> [Exercise instructions]
Among the lines of the listing below, retype exactly those from the one containing "14K Gold Internally" through the one containing "5Ct Emerald Cut", both included. Do not include pictures.

> [Extracted material]
————————
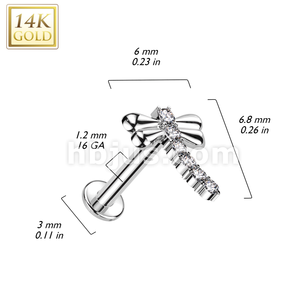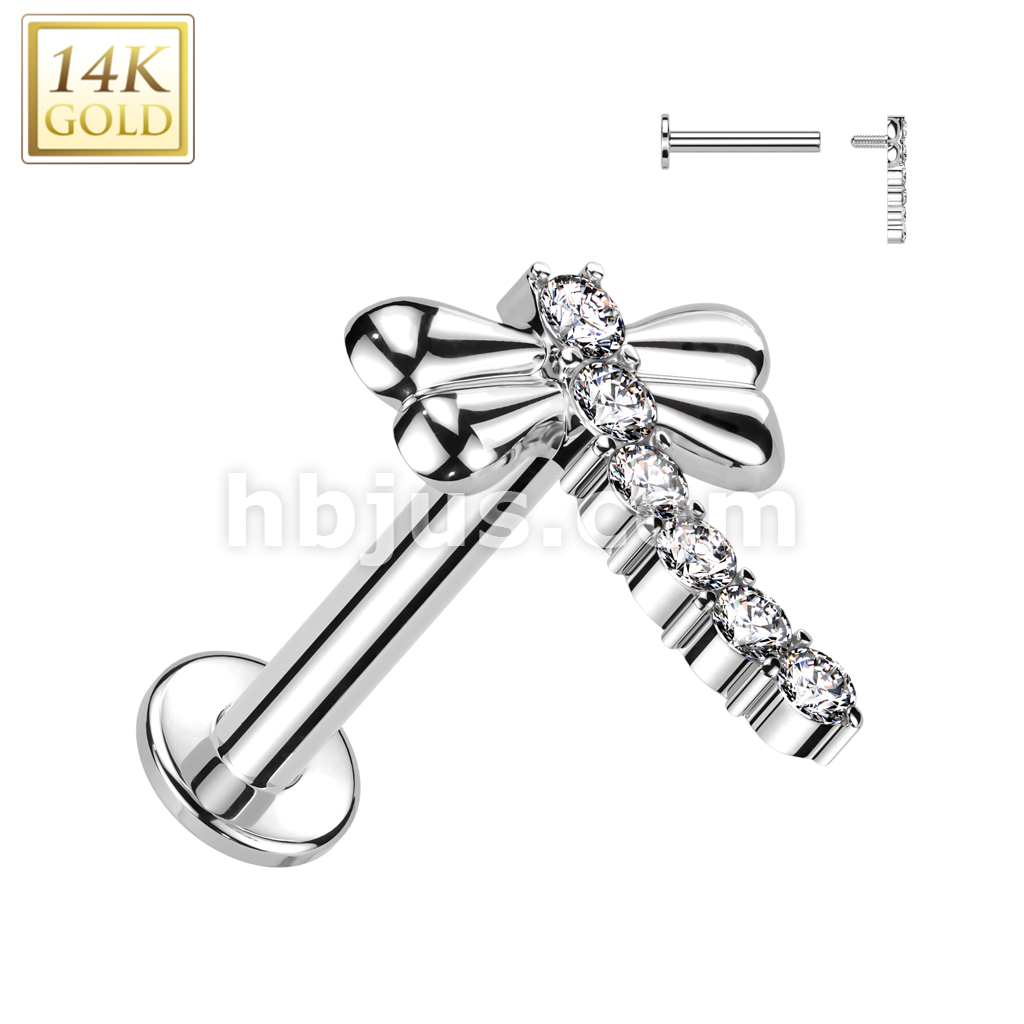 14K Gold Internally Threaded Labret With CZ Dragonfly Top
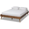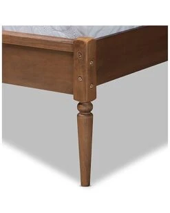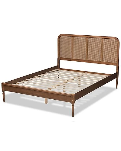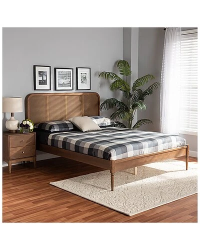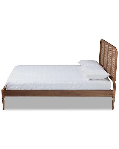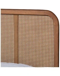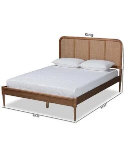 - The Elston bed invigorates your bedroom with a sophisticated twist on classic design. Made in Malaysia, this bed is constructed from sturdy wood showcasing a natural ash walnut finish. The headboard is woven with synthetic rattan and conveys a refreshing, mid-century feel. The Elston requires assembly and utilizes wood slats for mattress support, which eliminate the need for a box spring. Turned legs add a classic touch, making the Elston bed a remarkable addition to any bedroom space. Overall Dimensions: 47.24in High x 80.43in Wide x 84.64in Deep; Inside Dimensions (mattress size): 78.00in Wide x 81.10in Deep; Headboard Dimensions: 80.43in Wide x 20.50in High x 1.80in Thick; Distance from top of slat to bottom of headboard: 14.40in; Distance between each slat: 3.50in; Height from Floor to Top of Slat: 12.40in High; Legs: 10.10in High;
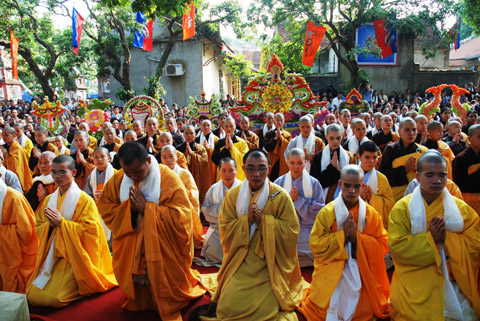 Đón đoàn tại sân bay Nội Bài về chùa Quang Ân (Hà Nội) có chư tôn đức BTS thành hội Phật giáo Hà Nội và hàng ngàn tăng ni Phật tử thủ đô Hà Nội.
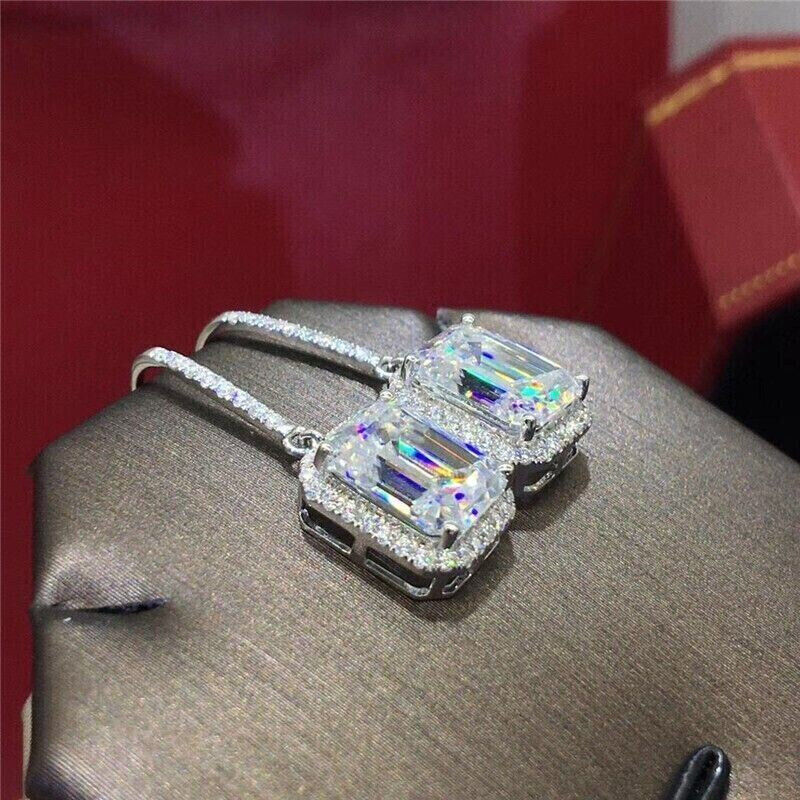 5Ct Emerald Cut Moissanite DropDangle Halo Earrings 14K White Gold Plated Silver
————————
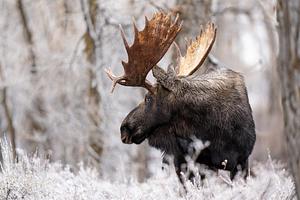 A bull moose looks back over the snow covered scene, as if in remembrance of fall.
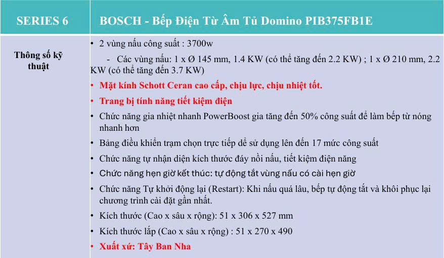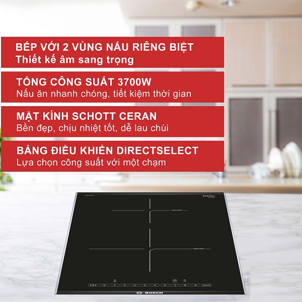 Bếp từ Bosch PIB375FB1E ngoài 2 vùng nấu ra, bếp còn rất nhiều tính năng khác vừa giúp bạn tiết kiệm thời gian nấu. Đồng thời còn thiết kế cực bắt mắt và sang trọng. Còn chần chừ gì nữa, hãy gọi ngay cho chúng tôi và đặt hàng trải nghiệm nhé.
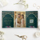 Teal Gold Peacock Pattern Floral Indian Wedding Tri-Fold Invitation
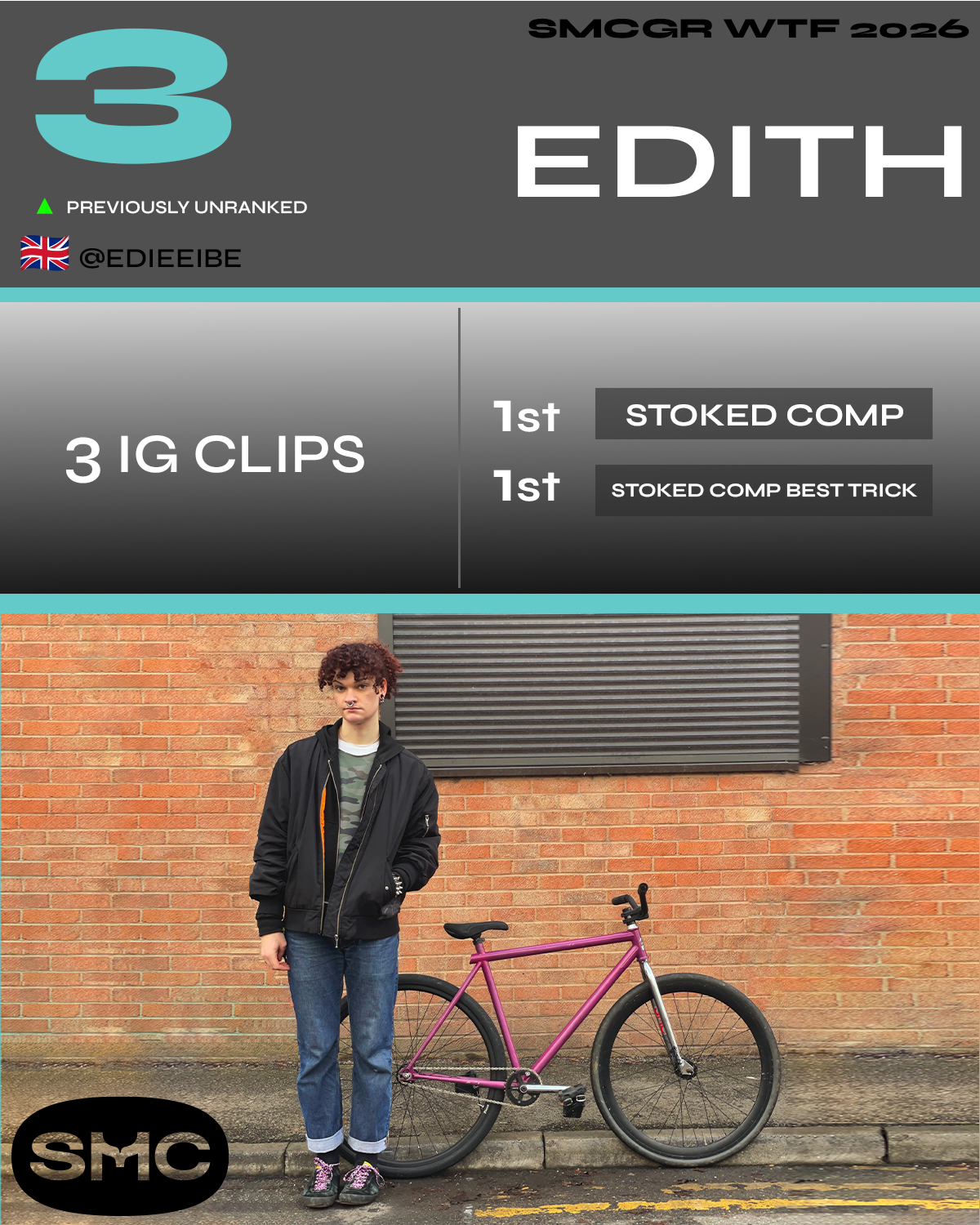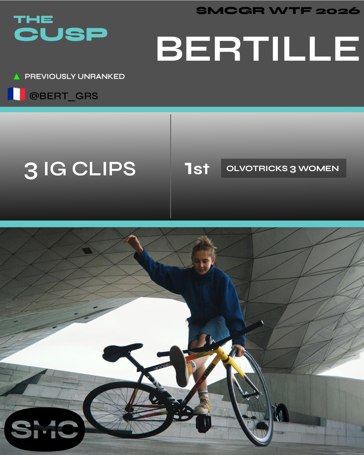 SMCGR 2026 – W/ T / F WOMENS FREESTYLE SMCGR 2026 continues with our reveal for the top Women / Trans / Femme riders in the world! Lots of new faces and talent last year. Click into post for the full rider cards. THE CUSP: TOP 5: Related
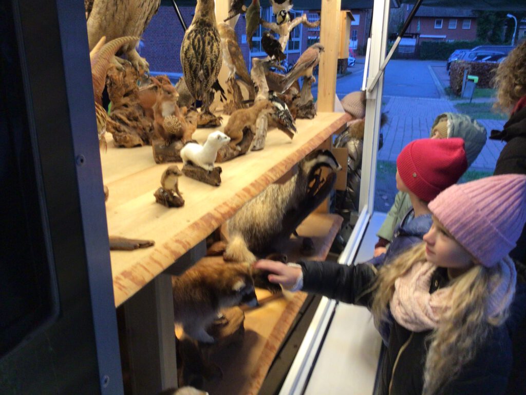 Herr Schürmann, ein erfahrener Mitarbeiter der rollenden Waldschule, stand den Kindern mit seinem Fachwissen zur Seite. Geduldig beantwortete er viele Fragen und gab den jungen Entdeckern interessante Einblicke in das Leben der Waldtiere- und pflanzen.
————————
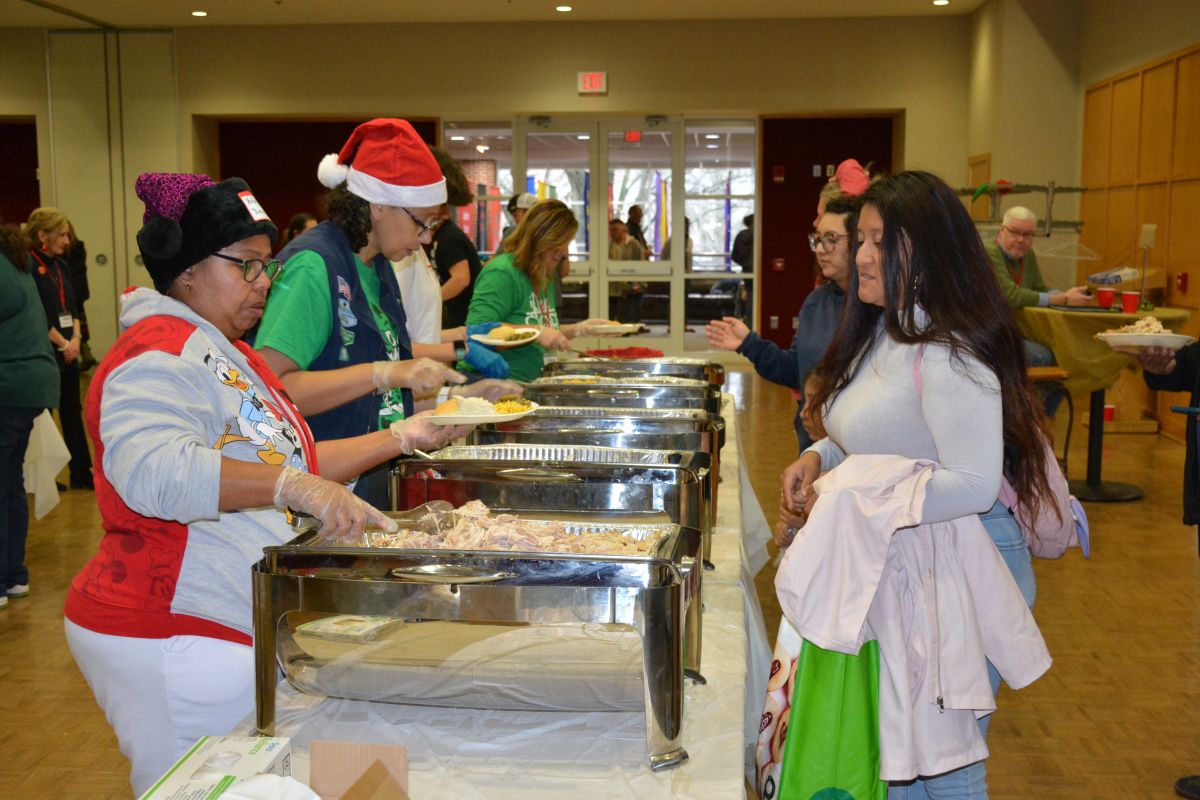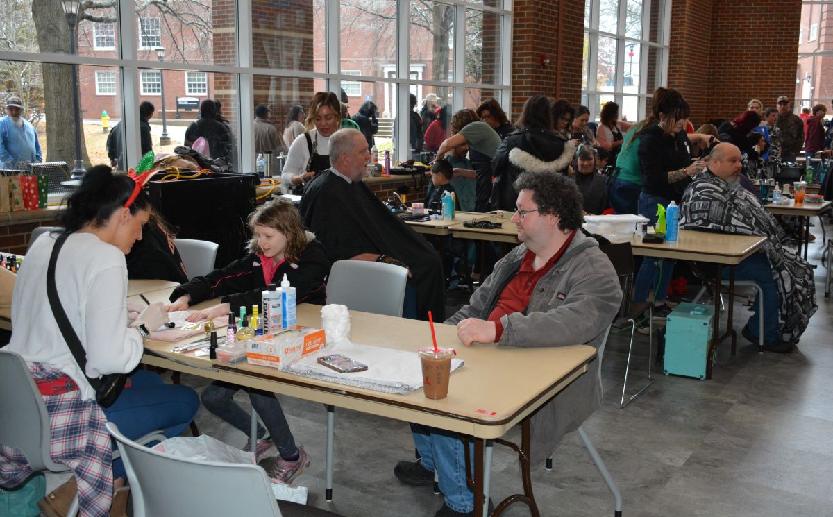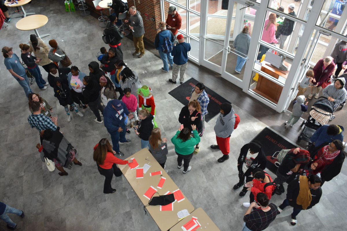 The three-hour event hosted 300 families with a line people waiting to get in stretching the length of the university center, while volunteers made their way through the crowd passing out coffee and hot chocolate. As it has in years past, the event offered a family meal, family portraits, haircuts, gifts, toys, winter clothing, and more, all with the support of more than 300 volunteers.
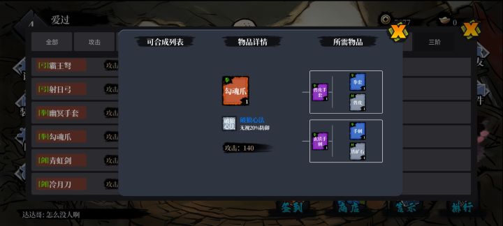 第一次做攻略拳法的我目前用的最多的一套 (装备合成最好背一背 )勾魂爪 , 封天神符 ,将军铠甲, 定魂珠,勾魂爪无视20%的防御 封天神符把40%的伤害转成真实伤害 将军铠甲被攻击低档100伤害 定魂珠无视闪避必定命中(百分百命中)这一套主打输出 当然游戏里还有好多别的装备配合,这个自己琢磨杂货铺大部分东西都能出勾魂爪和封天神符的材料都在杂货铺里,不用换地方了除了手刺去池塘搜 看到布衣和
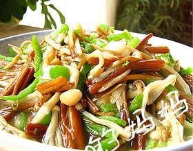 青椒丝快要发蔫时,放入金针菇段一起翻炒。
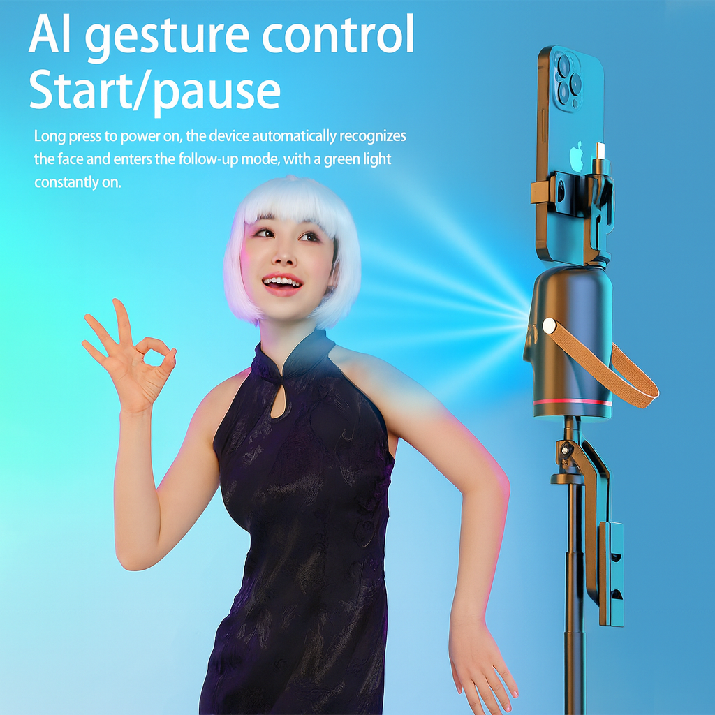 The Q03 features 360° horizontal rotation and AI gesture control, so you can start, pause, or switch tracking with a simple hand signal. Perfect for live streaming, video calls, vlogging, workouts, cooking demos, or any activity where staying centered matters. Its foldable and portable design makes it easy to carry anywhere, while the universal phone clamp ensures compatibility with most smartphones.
————————
> [Exercise result]
 14K Gold Internally Threaded Labret With CZ Dragonfly Top
 - The Elston bed invigorates your bedroom with a sophisticated twist on classic design. Made in Malaysia, this bed is constructed from sturdy wood showcasing a natural ash walnut finish. The headboard is woven with synthetic rattan and conveys a refreshing, mid-century feel. The Elston requires assembly and utilizes wood slats for mattress support, which eliminate the need for a box spring. Turned legs add a classic touch, making the Elston bed a remarkable addition to any bedroom space. Overall Dimensions: 47.24in High x 80.43in Wide x 84.64in Deep; Inside Dimensions (mattress size): 78.00in Wide x 81.10in Deep; Headboard Dimensions: 80.43in Wide x 20.50in High x 1.80in Thick; Distance from top of slat to bottom of headboard: 14.40in; Distance between each slat: 3.50in; Height from Floor to Top of Slat: 12.40in High; Legs: 10.10in High;
 Đón đoàn tại sân bay Nội Bài về chùa Quang Ân (Hà Nội) có chư tôn đức BTS thành hội Phật giáo Hà Nội và hàng ngàn tăng ni Phật tử thủ đô Hà Nội.
 5Ct Emerald Cut Moissanite DropDangle Halo Earrings 14K White Gold Plated Silver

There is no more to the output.